In this post I am going to talk about a statistical tool called importance sampling. In statistics importance sampling is a technique to create an unbiased estimate of a variable. An unbiased estimate is when the mean of the estimator function is not equal to the variable. So creating an unbiased estimator function is essential for a large number of purposes. Let me give an example . Suppose we want to calculate $E_{p}[f(x)]$ where the probability distribution is not known . Well the most common thing would be to use a Monte Carlo simulation. Well it is all very good but consider a function f(x) which will take non-zero but very large values in a very small area . The Monte Carlo simulation will hardly be able to sample values from that small area.

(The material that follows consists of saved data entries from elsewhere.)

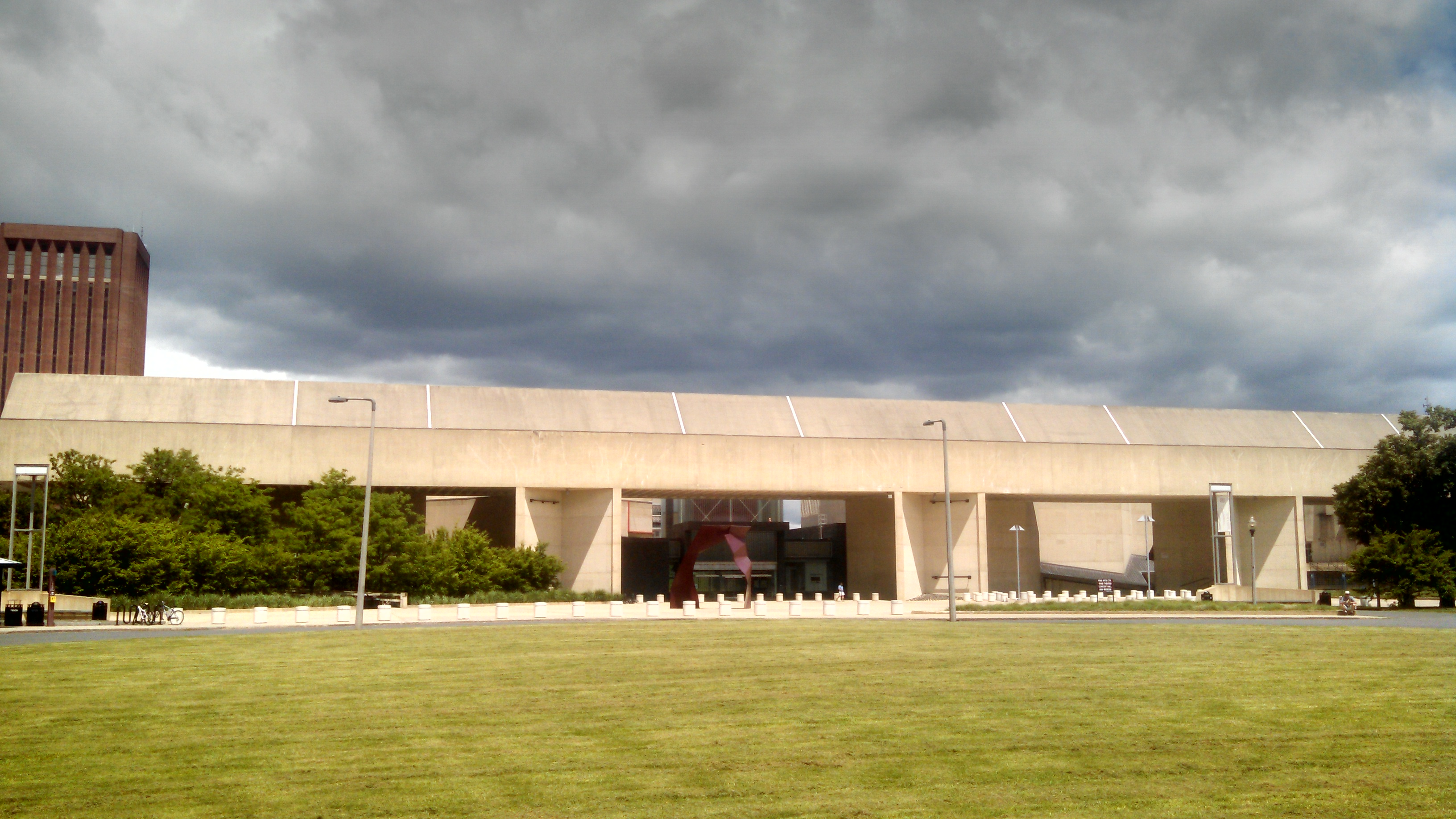 The University of Massachusetts_Amherst Fine Arts Center in June of 2014.
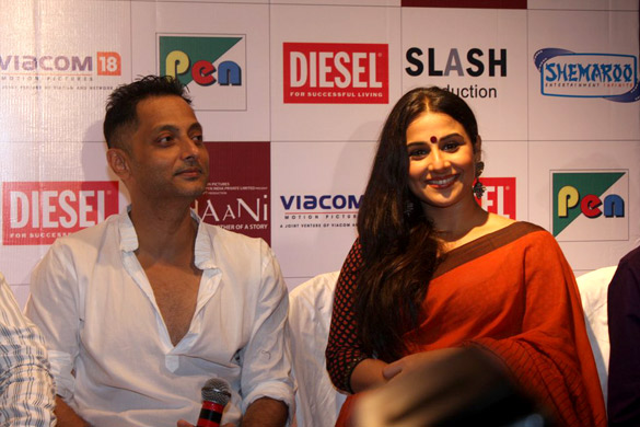 Sujoy Ghosh, Vidya Balan From The DVD launch of 'Kahaani'
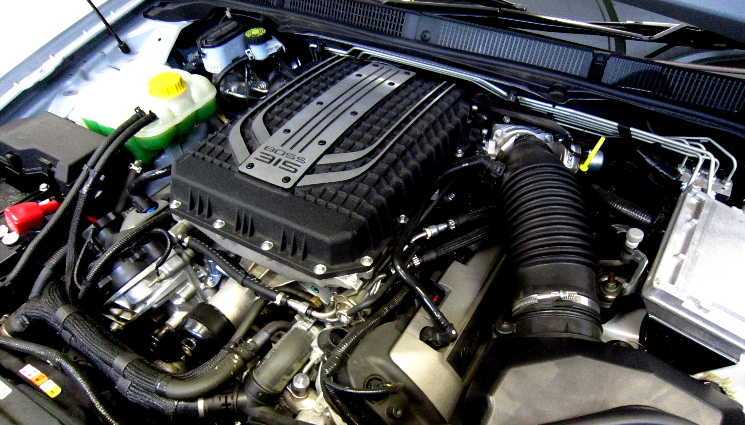 FPV looked to the U.S for motorvation ideas, which come in form of the Coyote 5.0lt. The same engine that curently powers the current Mustang has been re-tuned and supercharged by FPV, using a Herrod Motorsport spec'd super charger, which is a higher spec'd supercharger than that offered on the S/Charged Mustangs in the U.S. NRMA Drivers Seat
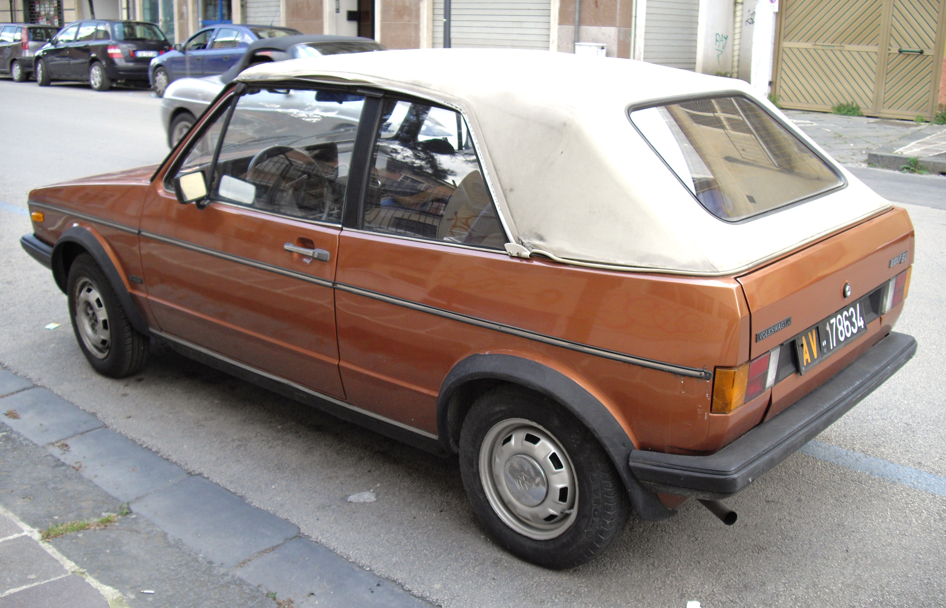 Volkswagen Golf Cabrio
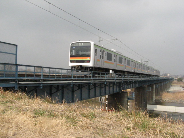 Tama River bridge(Hachiko-line)

Just consider the worst case of a delta-function and you will understand why monte carlo simulation won't work. So what is the solution in this case? Well, one of the solutions is definitely importance sampling which means that we take another function q(x) which must be a different probability distribution that is intended to give importance to the portion where $f(x) \neq 0$ and calculate $E_{q}[\dfrac{f(x)p(x)}{q(x)}]$. This imposes a restriction on q(x) i.e it cannot be 0 where $f(x)p(x) \neq 0$. Let us define $Q=[x|f(x)p(x)>0]$ and $D=[x|p(x)>0]$. Hence for $D\cap Q^{c},f(x)=0$ and for $Q\cap D^{c},p(x)=0$. So we can write $E_{q}[\dfrac{f(x)p(x)}{q(x)}]=\int_{Q}\dfrac{f(x)p(x)}{q(x)}q(x)dx=\int_{D}\dfrac{f(x)p(x)}{q(x)}q(x)dx-\int_{Q^{c}\cap D}\dfrac{f(x)p(x)}{q(x)}q(x)dx+\int_{Q\cap D^{c}}\dfrac{f(x)p(x)}{q(x)}q(x)dx$
$=\int_{D}f(x)p(x)dx=E_{p}[f(x)dx]=\mu$ which is what we want. So this creates an unbiased estimator for our function f(x). We also need to be able to calculate the likelihood function $\dfrac{p(x)}{q(x)}$ at every point.$$\hat{\mu}_{q}=\dfrac{1}{n}\sum \dfrac{f(x_{i})p(x_{i})}{q(x_{i})} \qquad X_{i} \sim q$$
But there must be a caveat right? and of course it is the variance of the estimate. We have to choose a probability function q such that the variance is minimized. We need to choose
$$q^{*}=min_{q}Var_{q}\big(\dfrac{f(x)p(x)}{q(x)}\big)$$
We can have have 99% confidence interval by having $\hat{\mu}_{q}\pm 2.58 \dfrac{\hat{\sigma}_{q}}{\sqrt{n}}$. We can write out the variance of the expression as
$$\sigma_{q}^{2}=\int_{D}\dfrac{(f(x)p(x))^{2}}{q(x)}-\mu_{q}^{2} $$. We can easily see that we can have a zero variance by taking $q=\tfrac{fp}{\mu}$ provided $f,p,\mu>0$. But that is indeed ironical because we are trying to estimate $\mu$ itself. But even then this helps us understand what a function $q$ must look like and what information should we have in order to make this work. From the expression , we can see that having $q$ in the denominator definitely means that a light tail of $q$ is extemely risky and we can even end up with a variance of $\infty$. So as a rule we must have a distribution which has a tail as heavy as p itself. Also we must have some educated guess regarding where the spikes of $f(x)$ is supposed to lie so that we can design the distribution $q(x)$ accordingly. Lastly I would say that this technique is used in a number of areas. The most recent area which I am delving into right now is that of the Multi -Arm Bandits and in the adverserial case both the Hedge Algorithm as well as EXP 3 uses Importance sampling to create an unbiased estimator of the rewards.
THANKS FOR READING